Insulin Resistance and NAFLD: A Dangerous Liaison beyond the Genetics

Abstract

Over the last decade, the understanding of the association between insulin resistance (IR) and non-alcoholic fatty liver disease (NAFLD) has dramatically evolved. There is clear understanding that carriers of some common genetic variants, i.e., the patatin-like phospholipase domain-containing 3 (PNPLA3) or the transmembrane 6 superfamily member 2 (TM6SF2) are at risk of developing severe forms of NAFLD even in the presence of reduced or absent IR. In contrast, there are obese patients with "metabolic" (non-genetically driven) NAFLD who present severe IR. Owing to the epidemic obesity and the high prevalence of these genetic variants in the general population, the number of pediatric cases with combination of genetic and metabolic NAFLD is expected to be very high. Gut dysbiosis, excessive dietary intake of saturated fats/fructose-enriched foods and exposure to some chemicals contribute all to both IR and NAFLD, adding further complexity to the understanding of their relationship. Once NAFLD is established, IR can accelerate the progression to the more severe form of liver derangement that is the non-alcoholic steatohepatitis.

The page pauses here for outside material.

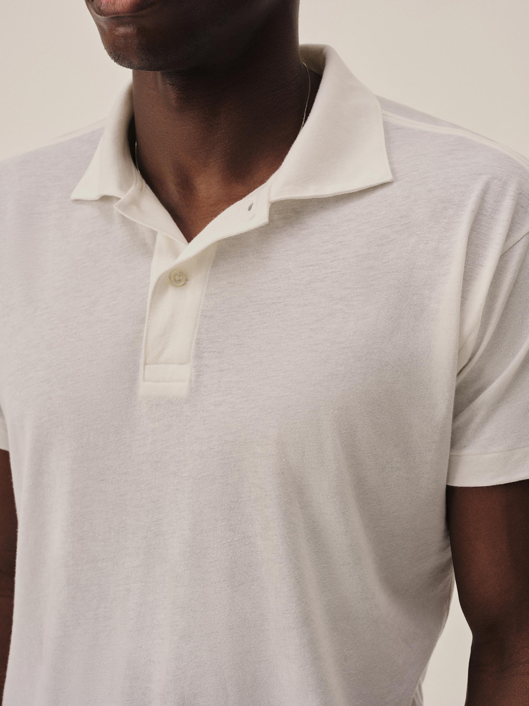 Classic fit polo crafted from a custom, superfine 56 singles blended cotton-linen yarn, spun and knit exclusively in Japan. This fabric is designed to combine the smoothness of a premium yarn with the subtle texture of something more rugged. The result is a polo that’s smooth, cool, and light as air, with a subtle silky hand feel. Finished with blind hems at the sleeves and bottom, a two-button mitered placket, overlocked seams, seam tape binding, and neck binding for reinforcement.

Keywords: insulin resistance; non-alcoholic fatty liver diseases; obesity.

Figure 1

Summary of the mechanisms favoring intrahepatic accumulation of lipids that are, namely: increased de novo lipogenesis, reduced hepatic lipolysis (this mechanism can be effective in carriers of the PNPLA3 variant) and export as very low dense lipoproteins (VLDL). In patients with high visceral adipose (VAT) to subcutaneous (SAT) tissue ratio, impaired adipose tissue lipolysis caused overflow of lipids to ectopic tissues including the muscle tissue. At the level of the muscle tissue, fat accumulation results ultimately in systemic insulin resistance. Adipose tissue lipolysis contributes to control hepatic glucose production that is enhanced in patients with hepatic steatosis who have commonly impaired adipose tissue lipolysis.